• **TASK INSTRUCTIONS**
Only the pictures are to be left out; the listing itself is repeated exactly.

• **GIVEN MATERIAL**
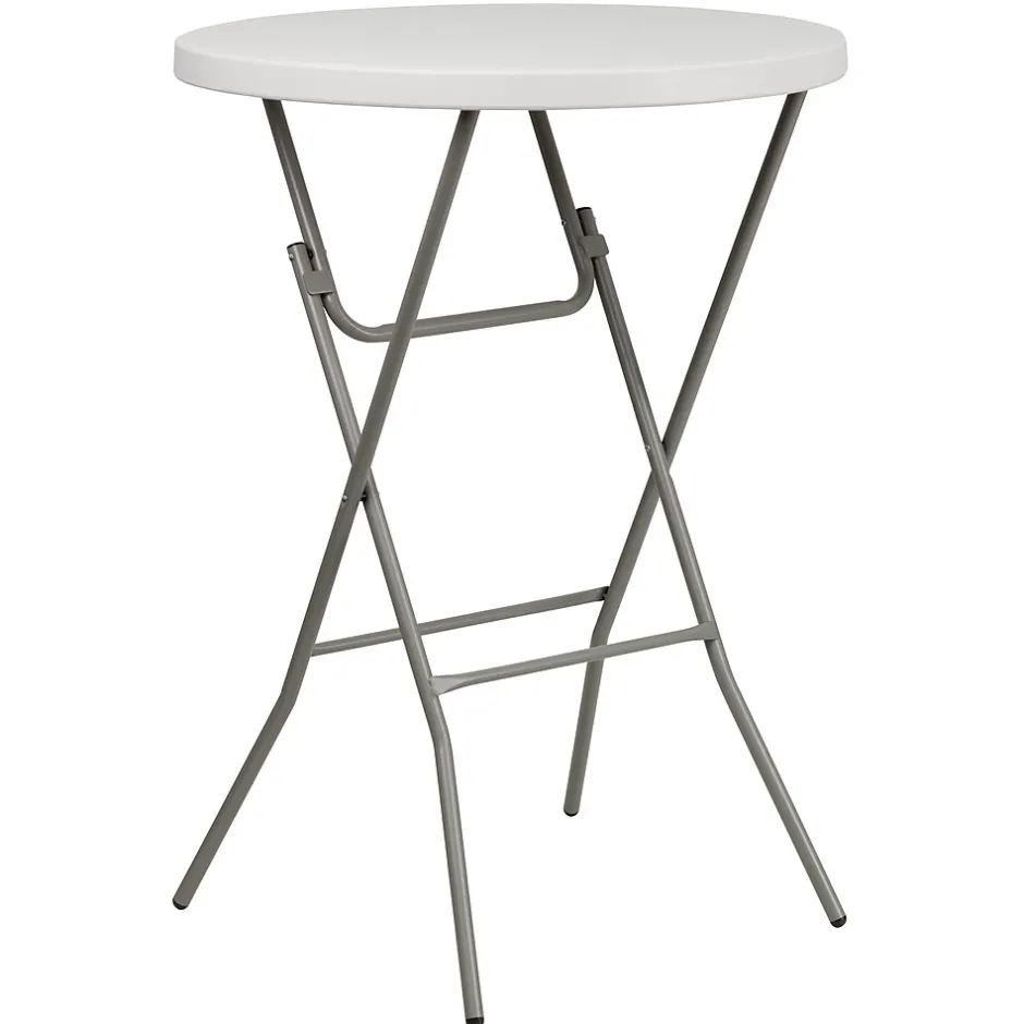 Host mixers at your venue for Wednesday Wind Down, make it a social setting incorporating these bar height cocktail tables. These pub tables encourage everyone to stand around and mingle as your mixologist serves up delicious signature drinks to keep people coming back to your lounge. When you invite friends over to your backyard bash this cocktail table is perfect for socializing or grabbing snacks poolside. This table can comfortably seat up to 3 adults to enjoy friendly conversation. Let the birthday girl shine at her own table while everyone sits at table height tables. The legs fold flat to transport and store away. These event tables are a must have for your event rental business or banquet hall to add variety to your seating. Although designed for indoor events this party table can be used outdoors on the deck or patio during good weather but must be stored indoors.
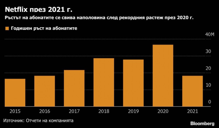 Въпреки това компанията беше сериозно наказана на фондовата борса. В следборсовата сесия цената на акциите се срина с 20% до малко под 407 долара. Анализаторите очакваха много по-силен ръст, след като през 2020 г., първата година на пандемията, Netflix се възползва силно от блокиранията в света.
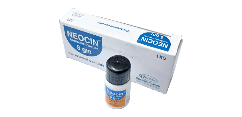 Neomycin inhibits bacterial protein synthesis. Bacitracin interferes with bacterial cell wall synthesis by inhibiting the dephosphorylation of a lipid pyrophosphate.

• **TASK RESULT**
 Host mixers at your venue for Wednesday Wind Down, make it a social setting incorporating these bar height cocktail tables. These pub tables encourage everyone to stand around and mingle as your mixologist serves up delicious signature drinks to keep people coming back to your lounge. When you invite friends over to your backyard bash this cocktail table is perfect for socializing or grabbing snacks poolside. This table can comfortably seat up to 3 adults to enjoy friendly conversation. Let the birthday girl shine at her own table while everyone sits at table height tables. The legs fold flat to transport and store away. These event tables are a must have for your event rental business or banquet hall to add variety to your seating. Although designed for indoor events this party table can be used outdoors on the deck or patio during good weather but must be stored indoors.
 Въпреки това компанията беше сериозно наказана на фондовата борса. В следборсовата сесия цената на акциите се срина с 20% до малко под 407 долара. Анализаторите очакваха много по-силен ръст, след като през 2020 г., първата година на пандемията, Netflix се възползва силно от блокиранията в света.
 Neomycin inhibits bacterial protein synthesis. Bacitracin interferes with bacterial cell wall synthesis by inhibiting the dephosphorylation of a lipid pyrophosphate.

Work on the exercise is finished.